#### What the exercise asks:
Omit every picture, then return each line of the data below exactly.

::: Information

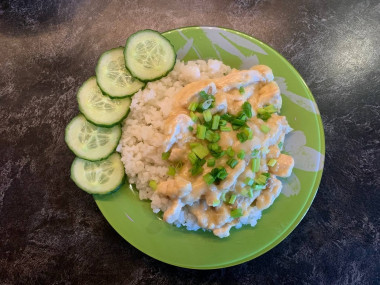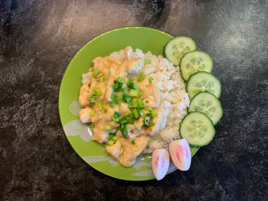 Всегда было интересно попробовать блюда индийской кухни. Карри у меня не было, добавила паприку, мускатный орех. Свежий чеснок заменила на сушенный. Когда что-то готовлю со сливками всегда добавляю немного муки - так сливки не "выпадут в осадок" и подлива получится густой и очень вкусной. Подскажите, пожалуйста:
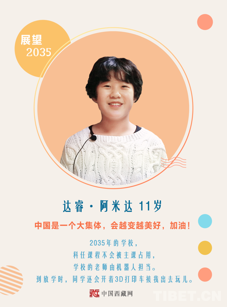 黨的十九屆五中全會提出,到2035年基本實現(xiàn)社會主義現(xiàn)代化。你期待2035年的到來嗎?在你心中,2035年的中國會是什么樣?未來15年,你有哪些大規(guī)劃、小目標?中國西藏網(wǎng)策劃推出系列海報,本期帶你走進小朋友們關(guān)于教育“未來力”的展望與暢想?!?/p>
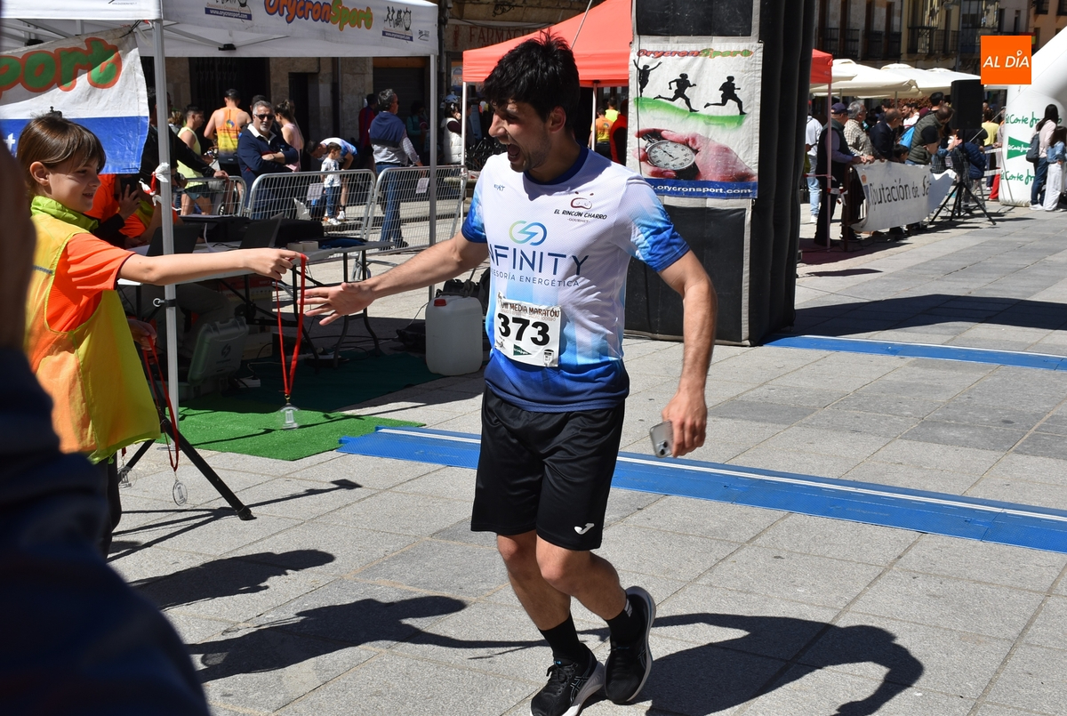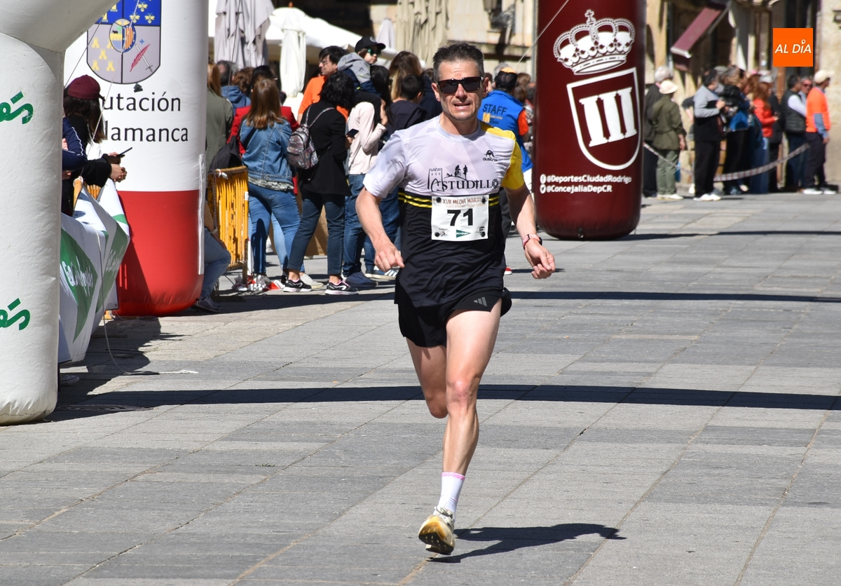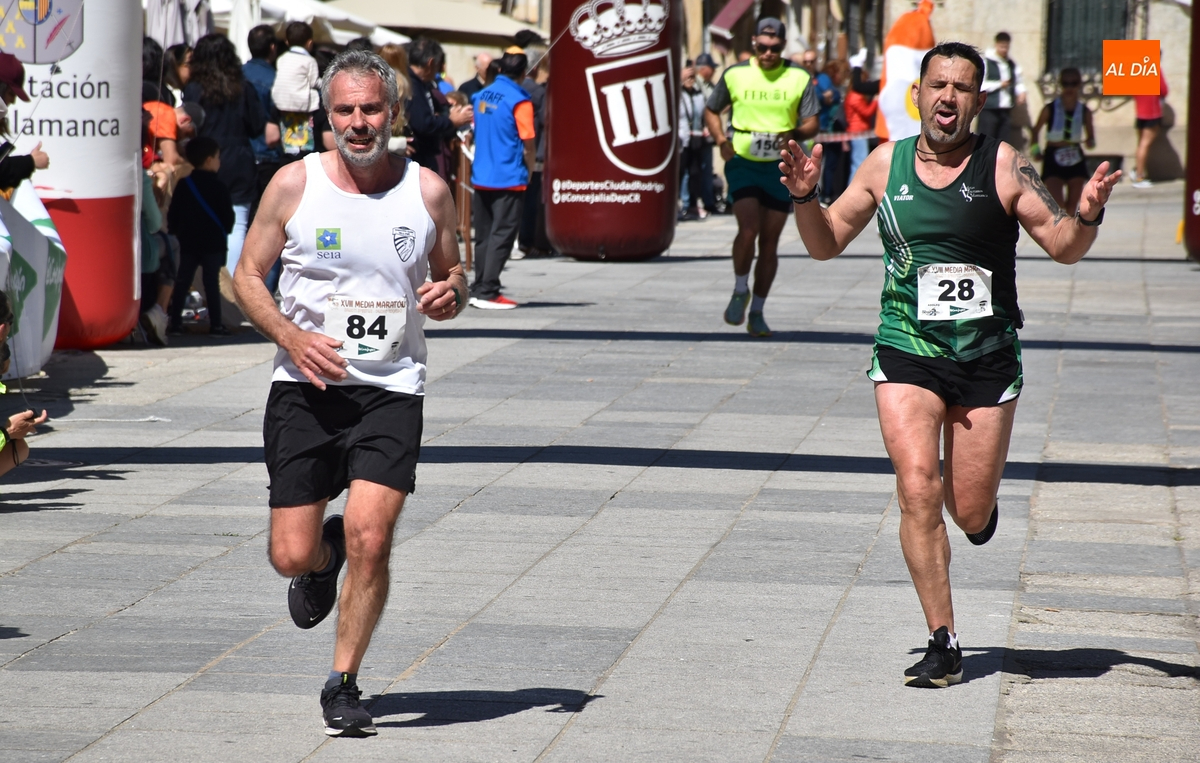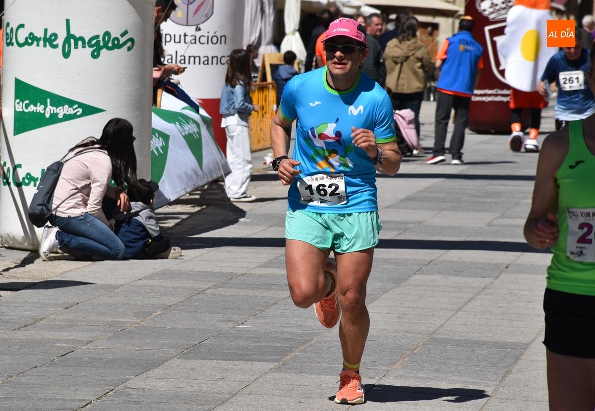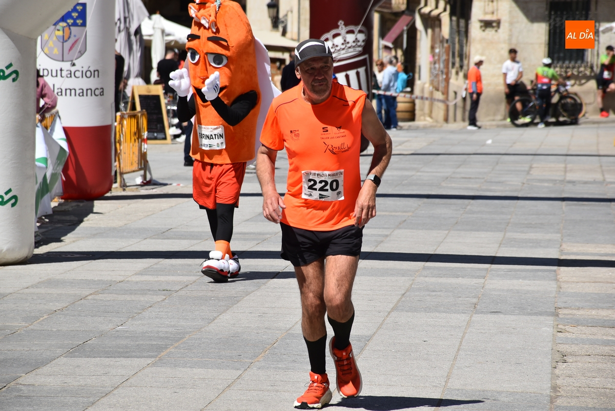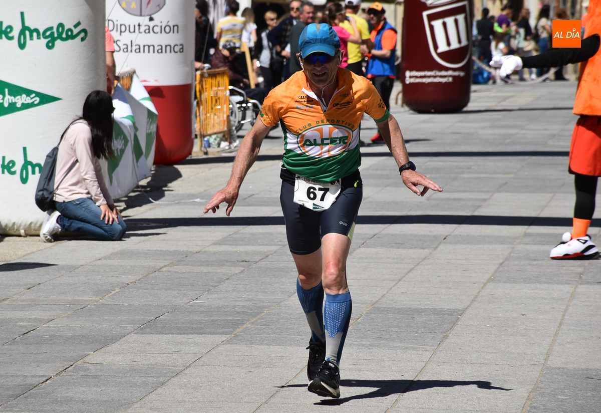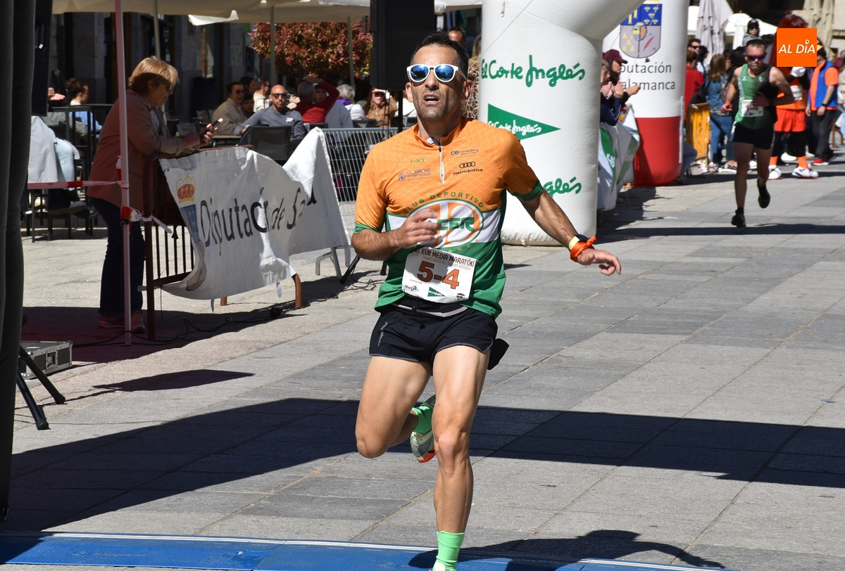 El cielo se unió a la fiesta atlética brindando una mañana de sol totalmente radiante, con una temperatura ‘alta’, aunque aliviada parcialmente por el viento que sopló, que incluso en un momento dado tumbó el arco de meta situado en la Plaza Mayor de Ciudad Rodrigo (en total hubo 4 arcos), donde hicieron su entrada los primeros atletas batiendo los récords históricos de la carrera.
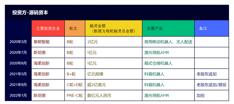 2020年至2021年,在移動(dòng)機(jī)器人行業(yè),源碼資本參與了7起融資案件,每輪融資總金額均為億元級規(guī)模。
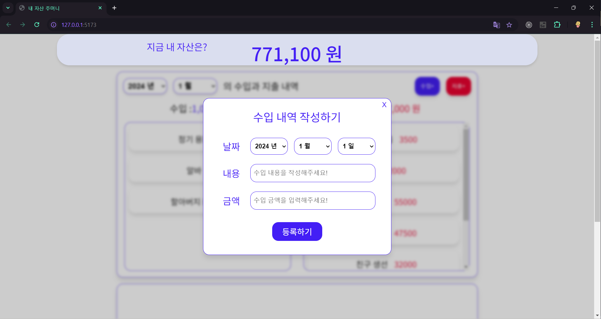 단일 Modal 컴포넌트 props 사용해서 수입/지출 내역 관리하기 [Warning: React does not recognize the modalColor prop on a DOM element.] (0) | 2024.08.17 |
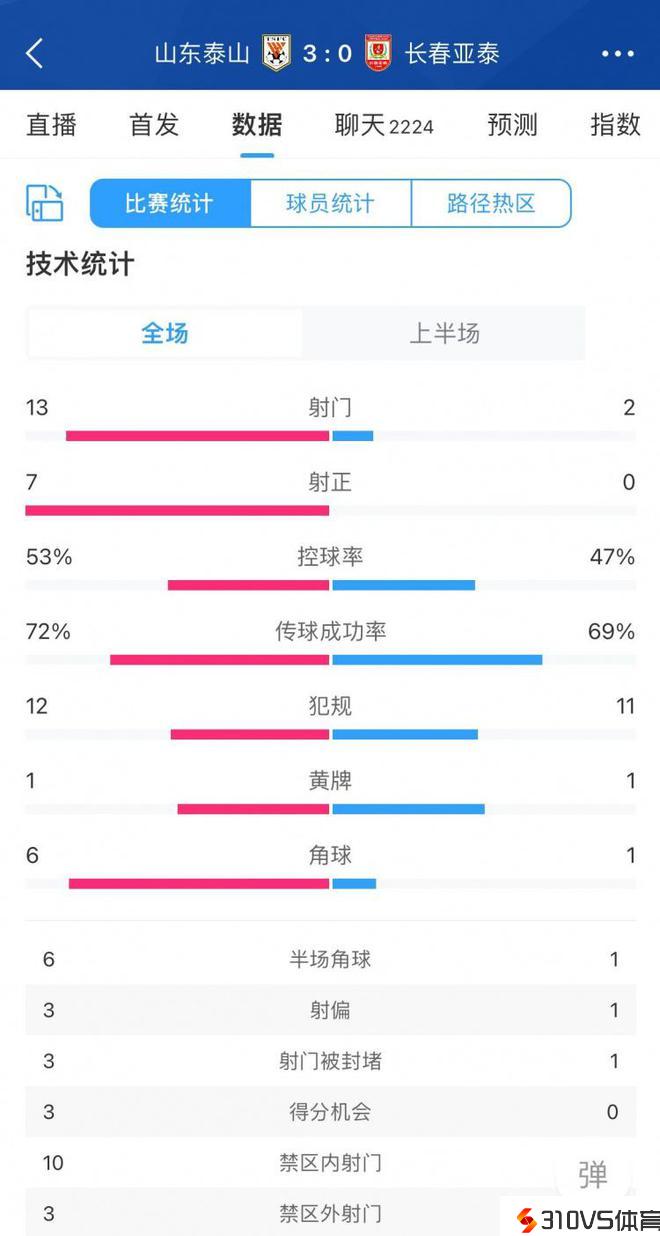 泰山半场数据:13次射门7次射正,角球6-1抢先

::::::

#### Output below:
 Всегда было интересно попробовать блюда индийской кухни. Карри у меня не было, добавила паприку, мускатный орех. Свежий чеснок заменила на сушенный. Когда что-то готовлю со сливками всегда добавляю немного муки - так сливки не "выпадут в осадок" и подлива получится густой и очень вкусной. Подскажите, пожалуйста:
 黨的十九屆五中全會提出,到2035年基本實現(xiàn)社會主義現(xiàn)代化。你期待2035年的到來嗎?在你心中,2035年的中國會是什么樣?未來15年,你有哪些大規(guī)劃、小目標?中國西藏網(wǎng)策劃推出系列海報,本期帶你走進小朋友們關(guān)于教育“未來力”的展望與暢想?!?/p>
 El cielo se unió a la fiesta atlética brindando una mañana de sol totalmente radiante, con una temperatura ‘alta’, aunque aliviada parcialmente por el viento que sopló, que incluso en un momento dado tumbó el arco de meta situado en la Plaza Mayor de Ciudad Rodrigo (en total hubo 4 arcos), donde hicieron su entrada los primeros atletas batiendo los récords históricos de la carrera.
 2020年至2021年,在移動(dòng)機(jī)器人行業(yè),源碼資本參與了7起融資案件,每輪融資總金額均為億元級規(guī)模。
 단일 Modal 컴포넌트 props 사용해서 수입/지출 내역 관리하기 [Warning: React does not recognize the modalColor prop on a DOM element.] (0) | 2024.08.17 |
 泰山半场数据:13次射门7次射正,角球6-1抢先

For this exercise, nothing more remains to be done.